For instance, in the sentence “The cat, who happens to be blue, sits in my shoe,” linguistic robots will focus on the subject “cat” as the most important part of this sentence. The cat “happens to be,” implies that this isn’t the most important trait. The cat is blue. The cat sits. The cat is in my shoe. The words include an internal rhyme and are fairly nonsensical. And then the next stage of this process is to autocomplete a response based on the context provided in the prompt.

7) Linguistic robots are limited by a token limit for inputs and outputs. Typically, a token is about four characters while the average English content word is about 6.5 characters (https://core.ac.uk/download/pdf/82753461.pdf). So, when an LLM talks about supporting 2048 tokens, that can be seen as about 1260 words, or about four pages of text, for concepts that require a lot of content. In general, think of a page of content as being about 500 tokens and a minute of discussion typically being around 200 tokens when one is trying to judge how much content is either being created or entered into an LLM.

8) Every language is dynamic and evolves over time. LLMs that provide good results today may provide significantly better or worse results tomorrow simply because language usage has changed or because there are significant changes in the sentiment of a word. For instance, the English language word “trump” in 2015 has a variety of political relationships and emotional associations that are now standard to language usage in 2023. Be aware of these changes across languages and time periods in making requests, as seemingly innocuous and commonly used words can quickly gain new meanings that may not be obvious, especially to non-native speakers.

Conclusion

The most important takeaway of the now-famous Karpathy quote is to take it seriously not only in terms of using English as a programming language to access structures and conceptual frameworks, but also to understand that there are many varied nuances built into the usage of the English language.
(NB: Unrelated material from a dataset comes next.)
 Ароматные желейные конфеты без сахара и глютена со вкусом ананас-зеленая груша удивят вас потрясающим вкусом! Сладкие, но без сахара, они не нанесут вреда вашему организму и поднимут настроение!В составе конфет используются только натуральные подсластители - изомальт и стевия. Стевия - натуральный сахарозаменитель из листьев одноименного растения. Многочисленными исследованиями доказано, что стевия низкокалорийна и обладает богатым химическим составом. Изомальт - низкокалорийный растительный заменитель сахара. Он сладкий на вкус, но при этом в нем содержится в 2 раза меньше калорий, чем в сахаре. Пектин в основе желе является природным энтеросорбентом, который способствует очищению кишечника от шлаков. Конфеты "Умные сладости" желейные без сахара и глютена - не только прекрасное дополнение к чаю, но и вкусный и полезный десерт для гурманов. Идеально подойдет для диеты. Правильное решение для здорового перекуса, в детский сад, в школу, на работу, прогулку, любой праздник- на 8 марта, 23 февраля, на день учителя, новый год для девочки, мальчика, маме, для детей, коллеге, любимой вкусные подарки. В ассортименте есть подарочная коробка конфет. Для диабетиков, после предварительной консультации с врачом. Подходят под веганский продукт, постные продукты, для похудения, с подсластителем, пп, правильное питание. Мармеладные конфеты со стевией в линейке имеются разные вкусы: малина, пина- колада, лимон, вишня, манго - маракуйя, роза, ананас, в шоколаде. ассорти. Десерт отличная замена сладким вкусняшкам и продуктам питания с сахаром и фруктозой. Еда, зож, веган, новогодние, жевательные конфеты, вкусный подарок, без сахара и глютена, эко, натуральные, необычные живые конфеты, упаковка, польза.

LLM’s often incorporate these nuances even if those nuances haven’t been directly built into models, simply based on the repetition of linguistic, rhetorical, and symbolic language usage associated with specific topics.
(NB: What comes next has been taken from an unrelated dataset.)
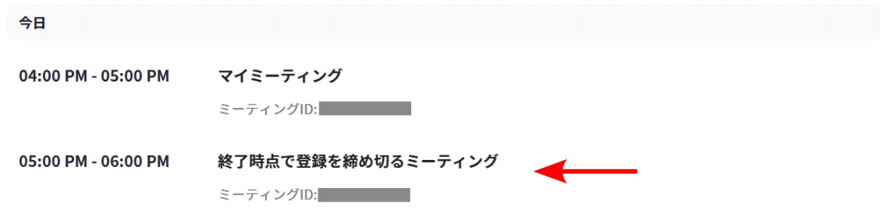 - 自分のスケジュールしたミーティングが,リストとして表示されます.終了予定時刻が過ぎた時点で登録手続きを受け付けないようにしたいミーティングの名前を押してください.

From a practical perspective, this means that the more context and expertise provided in asking an LLM for information and expected outputs, the better the answer that will typically be provided. As one writes prompts for LLMs and seek the best possible response, Amalgam Insights recommends providing the following details in any prompt:

Tone, role, and format: This should include a sentence that shows, by example, the type of tone you want. It should explain who you are or who you are writing for. And it should provide a form or structure for the output (essay, poem, set of instructions, etc…). For example, “OK, let’s go slow and figure this out. I’m a data analyst with a lot of experience in SQL, but very little understanding of Python. Walk me through this so that I can explain this to a third grader.”

Topic, output, and length: Most prompts start with the topic or only include the topic. But it is important to also include perspective on the size of the output. Example, “I would like a step by step description of how to extract specific sections from a text file into a separate file. Each instruction should be relatively short and comprehensible to someone without formal coding experience.”
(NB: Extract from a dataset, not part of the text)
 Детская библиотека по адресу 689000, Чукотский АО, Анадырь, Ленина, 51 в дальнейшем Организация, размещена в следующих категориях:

Frameworks and concepts to incorporate: This can include any commonly known process or structure that is documented, such as an Eisenhower Diagram, Porter’s Five Forces, or the Overton Window. As a simpe example, one could ask, “In describing each step, compare each step to the creation of a pizza, wherever possible.”

Combining these three sections together into a prompt should provide a response that is encouraging, relatively easy to understand, and compares the code to creating a pizza.

In adapting business processes based on LLMs to make information more readily available for employees and other stakeholders, be aware of these biases, foibles, and characteristics associated with prompts as your company explores this novel user interface and user experience.